Le week end, je découvre Blackstar en prenant mon temps....J'ai l'impression que Bowie se pose enfin au niveau de sa légende un peu malmenée depuis les années 1980...Lundi matin, Life On Mars ? passe à la radio et le journaliste annonce la mort de David....Voile noir alors très soudain devant mes yeux... et défilent alors dans mon esprit ses pochettes d'album dont celle de David Live si funèbre.

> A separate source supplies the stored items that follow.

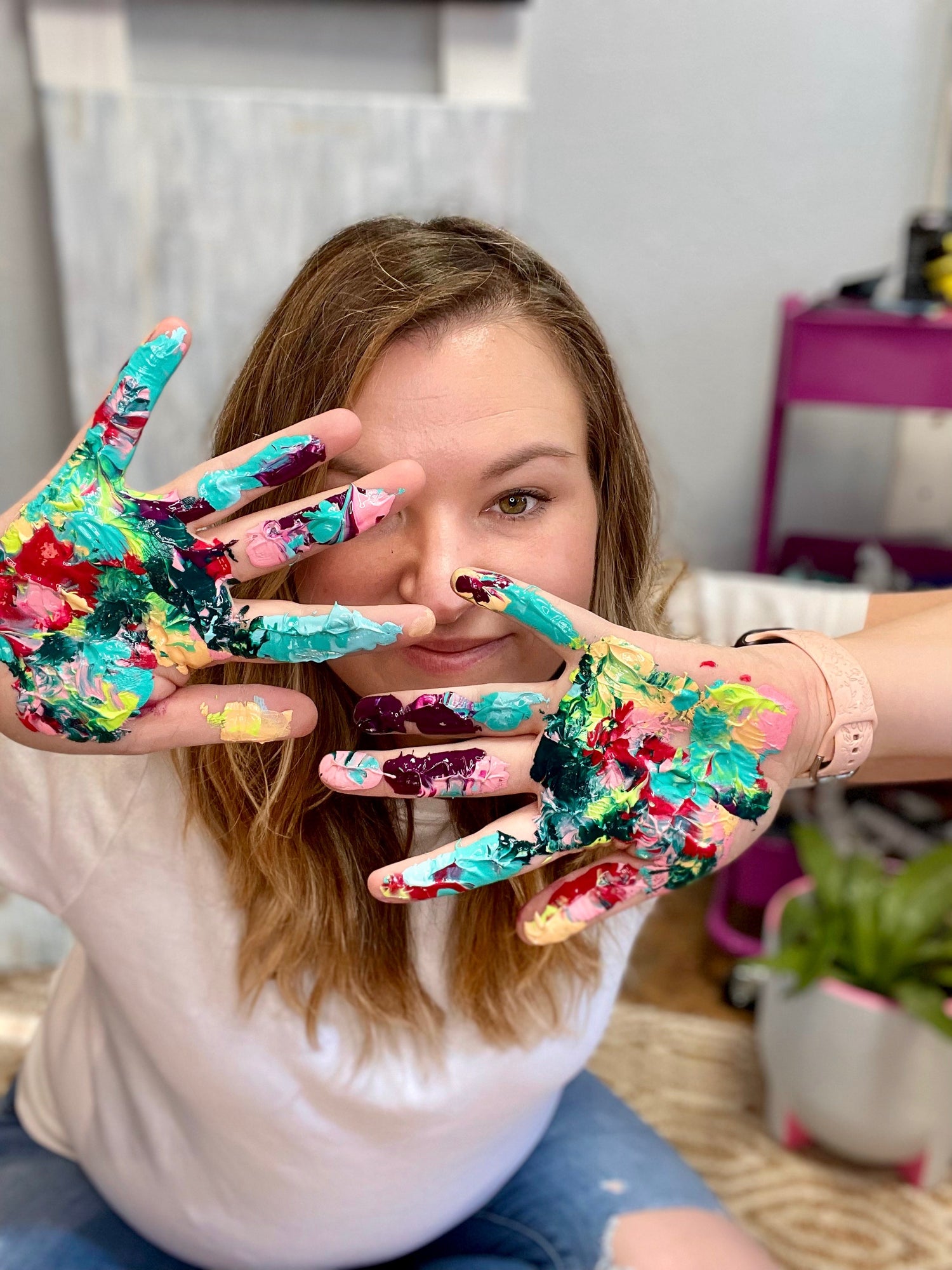 As a wife and mom of 3 under the age of 6, I love that I can work from a home studio in Arlington, Texas, and have them with me. Inspiring the next generation to get messy and creative brings me joy! With three little helpers and a few furry friends, daily life is chaotic, beautiful, and a bit messy!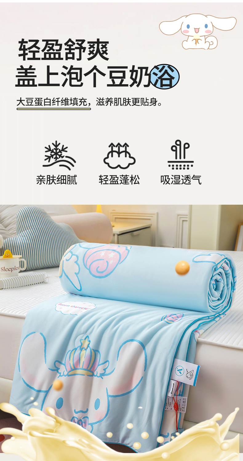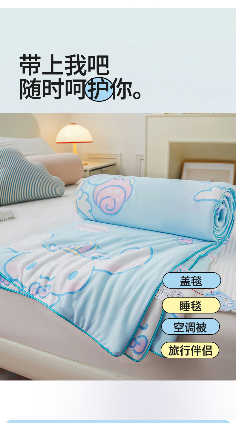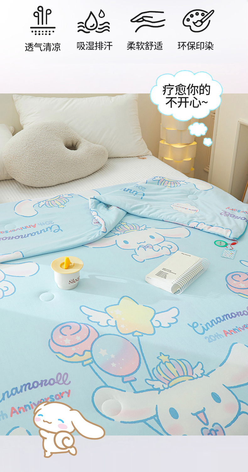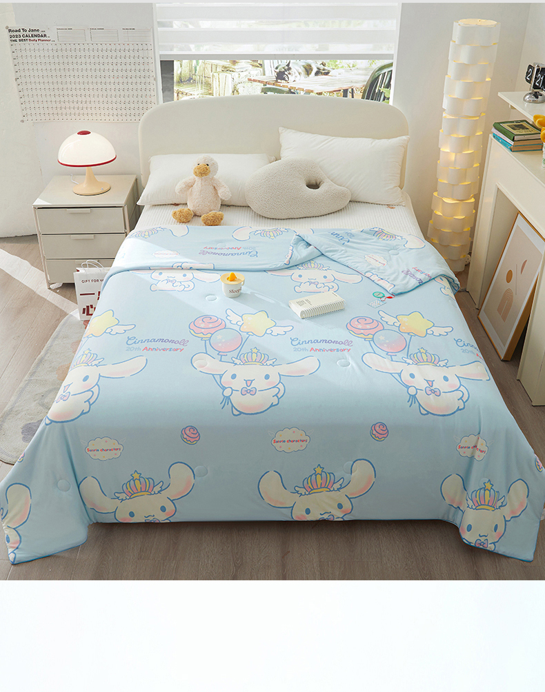 商品名称:优雅星家纺 2026新款A类针织棉三丽鸥正版夏被儿童卡通牛奶丝凉感夏凉被 玉桂狗-天蓝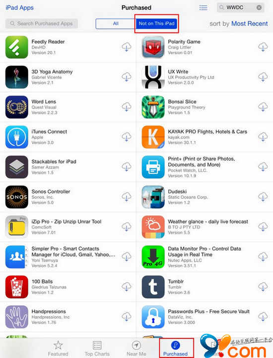 iPad 上面界面稍有不同,“已購買”選項卡已經單獨設置成 App Store 的選項卡了。直接選擇該選項卡,然後輕點“不在此 iPad 上”選項卡即可(如圖):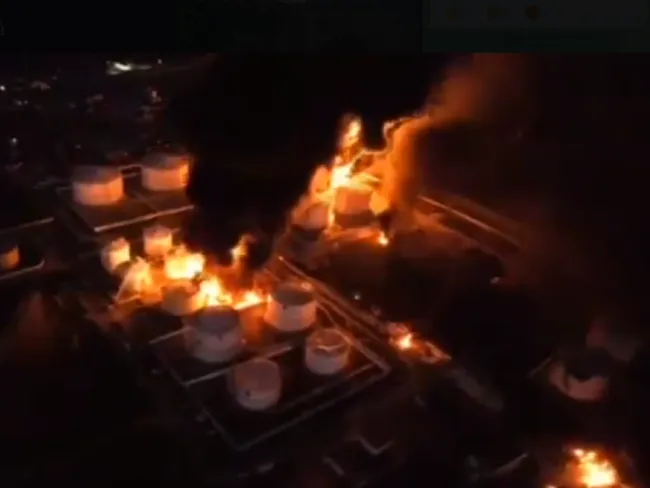 Echipele de intervenție ruse, citate de agenția RIA Novosti, au confirmat că incendiul nu a fost stins și continuă să se extindă, cu trei rezervoare de produse petroliere în flăcări.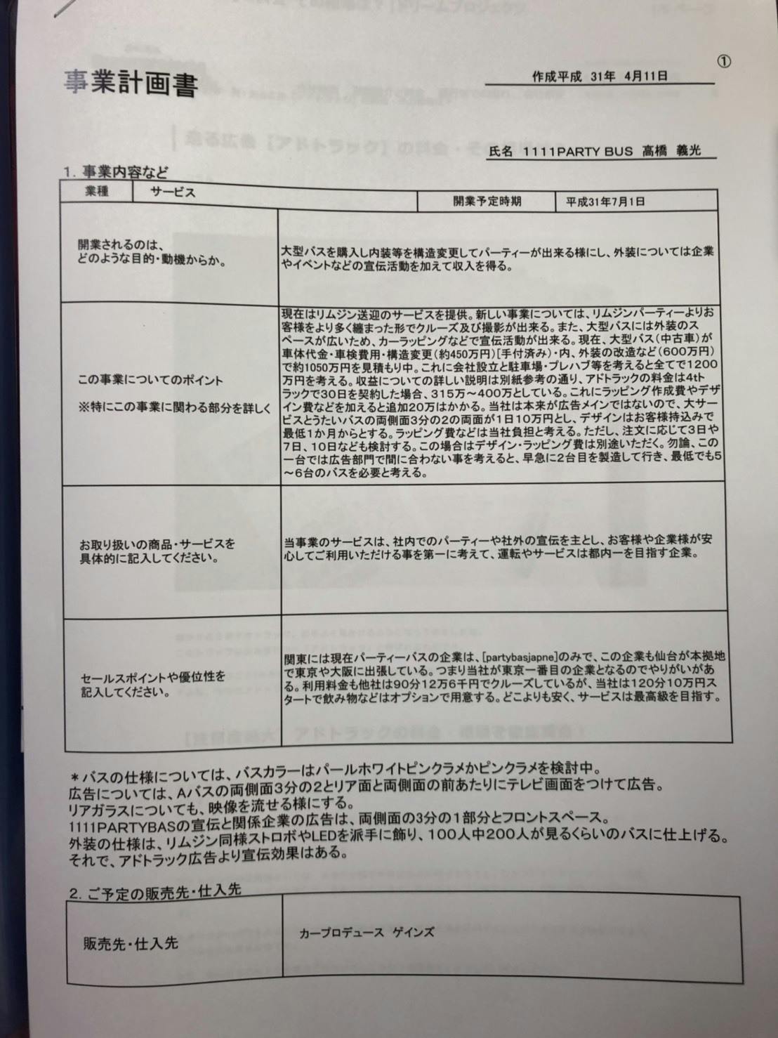 私たちは現在、リムジンクルーズの事業を展開しており、これからは海外で主流のパーティーバスが当たると考え立ち上げようとしています。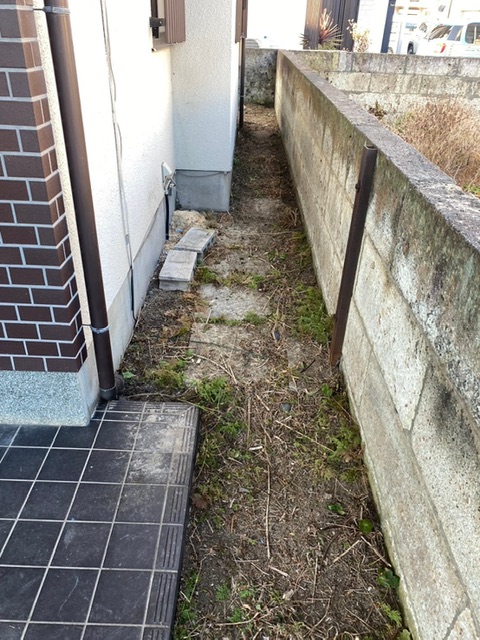 家の脇はスペースが狭く、機械が入れない状態

Je m'entends crier...Bowie est mort... je n'y crois pas...C'est clairement la fin d'une époque tant il m'a accompagné au gré de ses métamorphoses, incarnant avec élégance le droit de se jouer de tout et de suivre son chemin...chaotique quelquefois, souvent singulier..un charisme bien à lui dans l'allure, le visage et la voix....étrange et fascinant.
En 1996, Bowie déclarait en entretien ces lignes prémonitoires : "Quand j’étais plus jeune, j’ai pu croire par moments que je ne mourrais jamais – c’était d’ailleurs une idée très troublante, “Vais-je mourir ou suis-je immortel ?” Mais maintenant, j’ai accepté le fait que la mort allait venir, qu’elle fait partie de ma vie. Ma mort est une partie de ce que je suis. Ma mort est extrêmement importante à mes yeux. Je comprends maintenant parfaitement l’approche que les moines zen au Japon ont de la mort : ils estiment qu’il faut utiliser sa mort. La mort devient une entité qui est là pour être employée. Concrètement, cela signifie qu’on peut décider que son cœur va s’arrêter de battre un jour précis, un jour choisi – il y a des exemples concrets. Ou alors, on peut s’immoler avec de l’essence si l’on veut faire de sa mort un acte démonstratif. La fin de la vie peut alors constituer une sorte de commodité, quelque chose que l’univers offre à l’homme. Et je trouve cette idée admirable, elle me fait rêver parce qu’elle ouvre tellement de perspectives : vais-je choisir telle ou telle mort, vais-je me laisser emporter passivement ? Faire quelque chose de sa mort, quelle expérience glorieuse ! Ne laissez pas votre mort traîner dans un coin, inutilisée (rires)…"
Anniversaire stellaire et testamentaire pour Bowie qui prend la mort à revers en la mettant au service de son art. Et donc Blackstar qu'il nous laisse dans ses derniers jours...album sombre, complexe et sophistiqué. On percute mieux sur la présence de ces photos du livret ou l'artiste regarde son ventre avant de se plier en deux en nous tendant la main comme si la Faucheuse commençait à renifler sa trace (évocation de son cancer du foie ?). Avec la ligne d'harmonica du titre A new Career In A New Town de Low, la dernière chanson sonne comme un ultime salut. C'est à pleurer. Quant au clip Lazarus, crépusculaire à souhait, qu'il (c)hante de manière si fiévreuse, j'y vois le trouble jeu entre David Jones, simple mortel en train de trépasser sur son lit d'hôpital, et son double Bowie, créature vêtue comme en 76, disparaissant dans son armoire cercueil dans une gestuelle de Nosferatu de film muet. Heureux en somme que cet esthète véritable ait quitté ce monde sur un tel coup d'éclat achevant ainsi son odyssée artistique de manière si théâtrale. Par cet ultime coup de maître, le chanteur très mal en point livre un dernier opus bel et bien funèbre, étrange et saisissant. Au bout de ses forces, Bowie donne tout et nous quitte avec classe. Comme un frisson supplémentaire, un an plus tard, jaillit le titre No Plan avec Bowie semblant chanter en apesanteur fantomatique depuis l'autre monde.